En effet, à la SNCF, la situation est tendue, comme nous l'a dévoilée Didier Mathis, secrétaire général de l'Unsa Ferroviaire. "La direction ne veut rien savoir sur l'étalement, elle va nous faire payer cash les jours de grève", nous a-t-il indiqué. "L'entreprise a la pression du gouvernement et il n'ont pas l'intention de négocier quoi que ce soit", regrette-t-il.

Idem à la RATP. Selon Frédéric Ruiz, représentant CFE-CGC de la RATP, "la direction des ressources humaines ne veut rien savoir, il n'y aura pas d'étalement et aucune négociation n'est possible", affirme le syndicaliste. Pour janvier, les salaires, qui sont arrêtés le 10 du mois, tiendront compte des jours non travaillés.

"Certains n'auront pas de paye en janvier", indique Frédéric Ruiz. "Pour février, ce sera certainement la même chose, c'est ce qui explique que le trafic reprend peu à peu. Les salariés en grève sont inquiets et épuisés". 

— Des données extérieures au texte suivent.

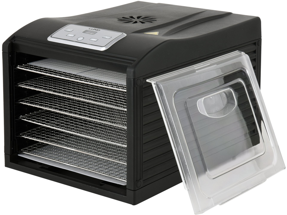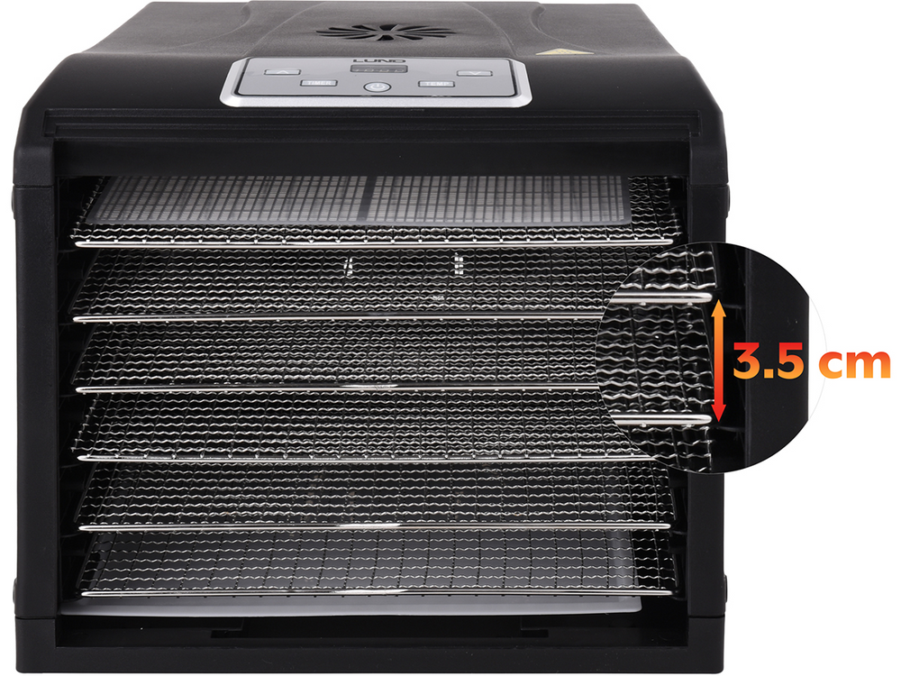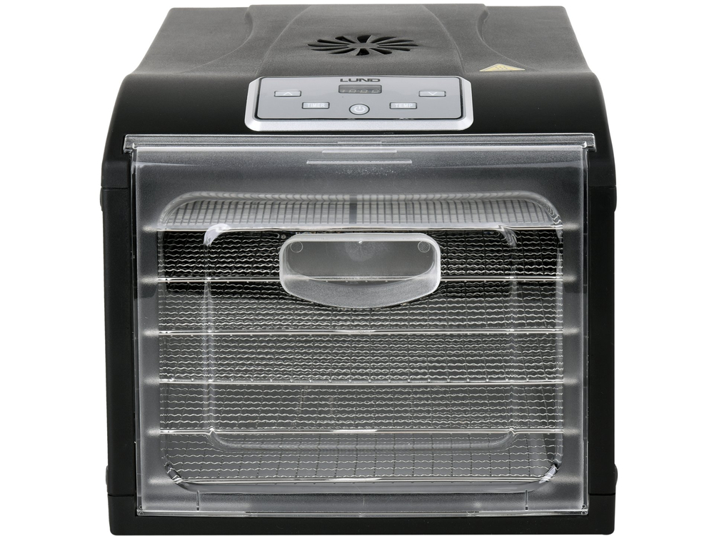 Aparat deshidratare electric LUND este conceput pentru uscarea produselor alimentare: fructe, legume, ciuperci, flori, ierburi, carne și pește. Vă permite să mențineți valoarea nutrițională și gustul alimentelor, conservându-le pentru o perioadă de câteva luni. Datorită temporizatorului încorporat, este posibilă programarea uscării între 0,5 și 19,5 ore. Un avantaj suplimentar îl reprezintă accesoriile: o plasă și o tavă pentru uscarea produselor mici, de exemplu ierburi și ceai.

Combien de salariés n'auront pas de salaire en fin de mois? Le chiffre est encore difficile à évaluer. Nombre de grévistes ont posé des jours de repos pendant le mouvement, d'autres ont été arrêté pour raisons médicales, ce qui explique les variations quotidiennes du nombre de grévistes. Ainsi, une minorité de personnes ont suivi le mouvement en totalité depuis le 5 décembre. Ils pourraient être les principaux bénéficiaires des cagnottes organisées par les syndicats pour lever des fonds. Sur son site, la CGT annonce qu'elle a récolté 2.235.010 euros depuis le début du conflit.

Les négociations se font dans l'arrière cuisine

Sur BFMTV, Valérie Pécresse prône la fermeté vis-à-vis des grévistes. "Il faut être intransigeant, aucun jour de grève ne doit être payé", a déclaré la présidente de la région Île-de-France. Pour elle, ce serait "injuste" vis-à-vis des clients qui ont été pénalisés et des salariés de la SNCF et de la RATP qui n'ont pas suivi le mouvement.

Selon Jean-Luc Mélenchon l'injustice serait que les grévistes reçoivent "des feuilles de paye avec marqué zéro euro". Le président du groupe La France insoumise à l'Assemblée nationale demande "à la direction de la SNCF et de la RATP de faire preuve d'humanité en étalant le manque à gagner".

Mais pour Jean-Claude Ducatte, président d'Epsy Social, un cabinet de conseil en relations sociales, la situation n'est pas si tranchée. "Il y a le discours officiel et public et la réalité qui se négocie dans l'arrière cuisine sans que rien ne filtre. Il faut traiter toutes les situations et toutes les catégories sans heurter personne et cela se passe dans le plus grand secret", signale-t-il. Selon ce spécialiste, la durée exceptionnelle du conflit pourraient conduire à un étalement sur six mois.

"Pour sortir d'un conflit, aucun des deux partis ne doit être rabaissés ou afficher une victoire insolente, c'est le genre de choses qui se payent un jour dans les futures négociations", prévient Jean-Claude Ducatte.